The information I have found online says that in Michigan it is illegal to sell land that is land locked. I have also found that it is perfectly legal to sell it. This land has no deeded access from any direction. Through the campground is the only way by foot. 

A little history as told by the current owner...
He bought the land 11 years ago from a friend, and also owned 35 acres to the NW, where he could access via the river. He was not connected to it. He sold the 35 acres but kept these two parcels. He would then get a campsite for the fall and always accessed from there either via foot or kayak to stand sites. He never had an issue with access. There is a large drainage ditch that runs the south property line, and has water in it when water is high. No vehicles, but maybe a quad. He has always only walked it.

I am wondering if this property is legal to sell or does he need to get an easement from the campground first? He says the campground is in a trust and can never be anything but a campground, but I have also heard there are ways around that. I have only seen where people say there is a law against it, but can't find an actual law anywhere. Does anyone know anything about this? Thank you a lot for any information you can spare. I really appreciate it.


----------



## ProStaffer (Oct 22, 2012)

Call an attorney.

posted using Outdoor Hub Campfire


----------



## mi duckdown (Jul 1, 2006)

You will have to make a trip to the county seat. and find out what is going on.
I would start there first. all records are there. .02


----------



## runge_24 (Sep 10, 2008)

Can the county seat tell us if there needs to be one or not, or if it is actually possible to get one put on? And is that something that can be done over the phone? This property is a couple hours away.


----------



## Swamp Monster (Jan 11, 2002)

Take it from someone that currently owns landlocked property.....talk to an attorney that has experience in these matters! Do your due diligence!!
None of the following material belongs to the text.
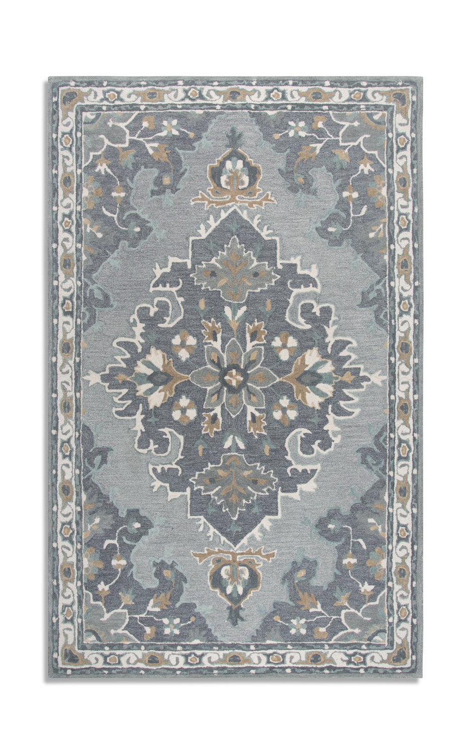 The Soft Grey Resonant area rug is hand-tufted and uses specialized dyeing techniques, varying yarn thickness and high and low pile to achieve a dramatic statement with texture and dimension. In this collection the designs have been adapted to reflect today styles using on trend colors and lines, notice the energetic medallions with ideal spacing.

Outdoor Hub mobile, the outdoor information engine


----------



## Rudi's Dad (May 4, 2004)

The rumor is here in this County, our judge will do about anything to get the landlocked property an easement. 
This is on older property, not on property with new splits. 
The older property which was split without proper easements is what the judge is set on fixing. 
Not even sure under new zoning you would be allowed to split property with out reasonable access. 
I guess I would start with zoning, get the current regs, then find when this was split, and what the regs were then. 
Zoning isnt a legal department, but usually all County departments will point you in the general direction to get answers.
Eventually, it sounds like this may wind up in a lawyers office or pass on a bad situation.


----------



## WAUB-MUKWA (Dec 13, 2003)

Maybe put your post in the real estate section where people talk about this all the time? Seems like the place to me?


----------



## kzoofisher (Mar 6, 2011)

If you don't have a legal easement don't buy the property. The deed at the county Registrars will tell you all you need to know about this parcel and the surrounding ones; county will mail them to you for less than the cost of gas. Negotiate an easement with the campground owner and subtract that from the price of the 30 acres. The land is worthless if you have to helicopter into it.


----------



## bucko12pt (Dec 9, 2004)

See if the previous owner bought title insurance and see what that shows.


----------



## onenationhere (Dec 18, 2008)

I am not sure about the laws regarding land locked property. I do know that I would not even consider purchasing property without legal access. As Swamp monster stated " due diligence" is a must.


----------



## Midalake (Dec 7, 2009)

1. Properties that do not have an easement in the title description of the property and are surrounded by private property are landlocked.

2. Michigan recognizes landlocked land.

3. There is nothing that would deny anyone to sell any type of property.

4. No one can be forced to issue you an easement, and even if one were to be granted the cost may be unaffordable.

5. There are some exceptions for logging and timber sales where someone may be granted a temporary access for this purpose.

6 Be careful.......

Dave


----------



## Luv2hunteup (Mar 22, 2003)

There are properties in Michigan that are only accessible by water. Is the river considered navigable?


----------



## runge_24 (Sep 10, 2008)

I believe so. A kayak, canoe, or small flat bottom would work on it. The current owner uses it. How do I find out for sure?


----------



## anon442018 (Jul 12, 2010)

It might be less trouble to find a different parcel to purchase.


----------